TASK PROMPT
Transcribe exactly the lines from the top of the records below through the line that holds "De los argentinos", both included, with no pictures.

EXERCISE INPUTS
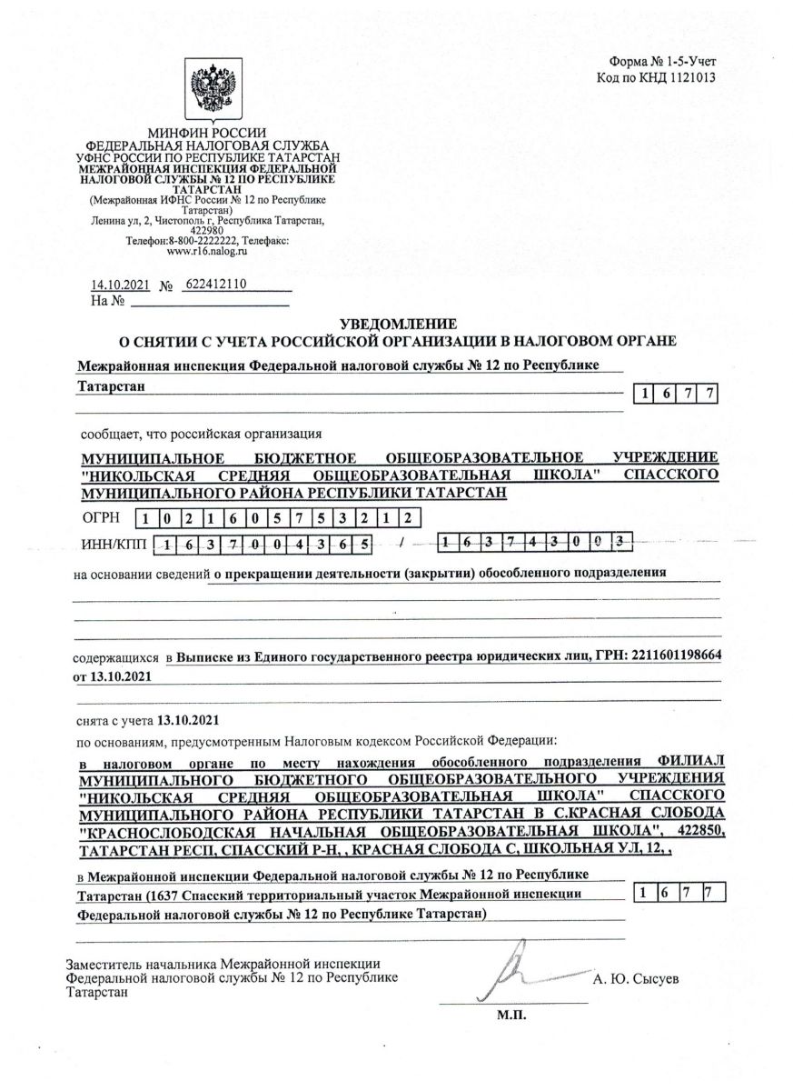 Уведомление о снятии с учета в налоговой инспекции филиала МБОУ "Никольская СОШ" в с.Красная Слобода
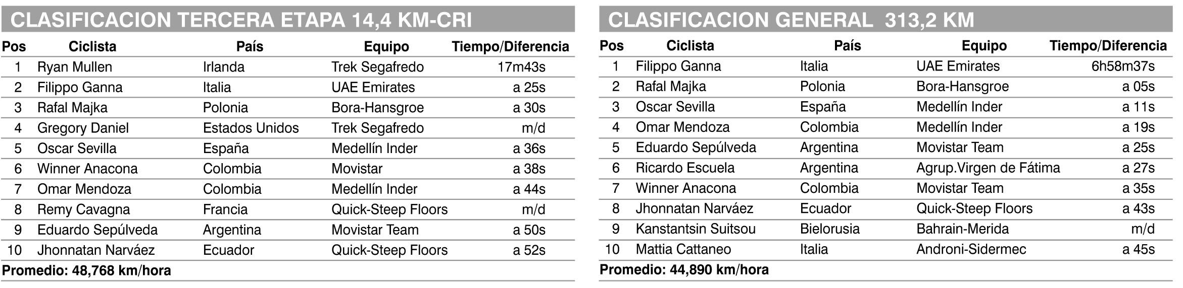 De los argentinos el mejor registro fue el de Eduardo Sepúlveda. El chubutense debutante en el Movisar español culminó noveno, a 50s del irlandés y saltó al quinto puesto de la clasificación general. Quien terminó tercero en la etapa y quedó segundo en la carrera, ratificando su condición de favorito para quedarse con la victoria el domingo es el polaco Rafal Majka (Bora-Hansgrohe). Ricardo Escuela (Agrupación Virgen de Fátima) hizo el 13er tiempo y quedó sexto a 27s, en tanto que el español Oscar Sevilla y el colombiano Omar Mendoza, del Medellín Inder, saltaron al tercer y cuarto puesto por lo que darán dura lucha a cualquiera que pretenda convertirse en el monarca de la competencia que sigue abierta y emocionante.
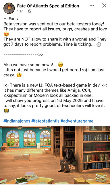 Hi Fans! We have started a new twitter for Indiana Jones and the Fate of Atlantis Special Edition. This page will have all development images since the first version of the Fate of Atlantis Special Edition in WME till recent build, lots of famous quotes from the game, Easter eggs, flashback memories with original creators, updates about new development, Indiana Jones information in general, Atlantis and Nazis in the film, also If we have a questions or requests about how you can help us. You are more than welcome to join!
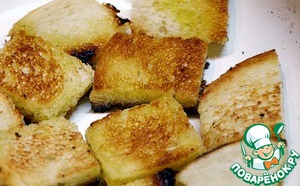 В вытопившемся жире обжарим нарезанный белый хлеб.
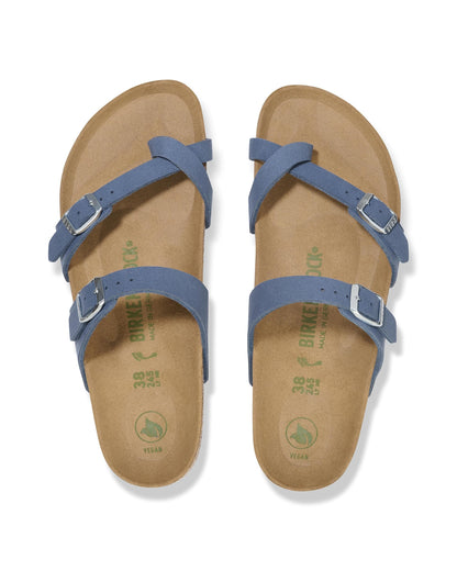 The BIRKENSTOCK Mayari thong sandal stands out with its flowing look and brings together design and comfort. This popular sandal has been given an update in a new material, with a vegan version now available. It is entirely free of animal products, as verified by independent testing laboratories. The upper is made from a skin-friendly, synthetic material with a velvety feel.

TASK RESULT
 Уведомление о снятии с учета в налоговой инспекции филиала МБОУ "Никольская СОШ" в с.Красная Слобода
 De los argentinos el mejor registro fue el de Eduardo Sepúlveda. El chubutense debutante en el Movisar español culminó noveno, a 50s del irlandés y saltó al quinto puesto de la clasificación general. Quien terminó tercero en la etapa y quedó segundo en la carrera, ratificando su condición de favorito para quedarse con la victoria el domingo es el polaco Rafal Majka (Bora-Hansgrohe). Ricardo Escuela (Agrupación Virgen de Fátima) hizo el 13er tiempo y quedó sexto a 27s, en tanto que el español Oscar Sevilla y el colombiano Omar Mendoza, del Medellín Inder, saltaron al tercer y cuarto puesto por lo que darán dura lucha a cualquiera que pretenda convertirse en el monarca de la competencia que sigue abierta y emocionante.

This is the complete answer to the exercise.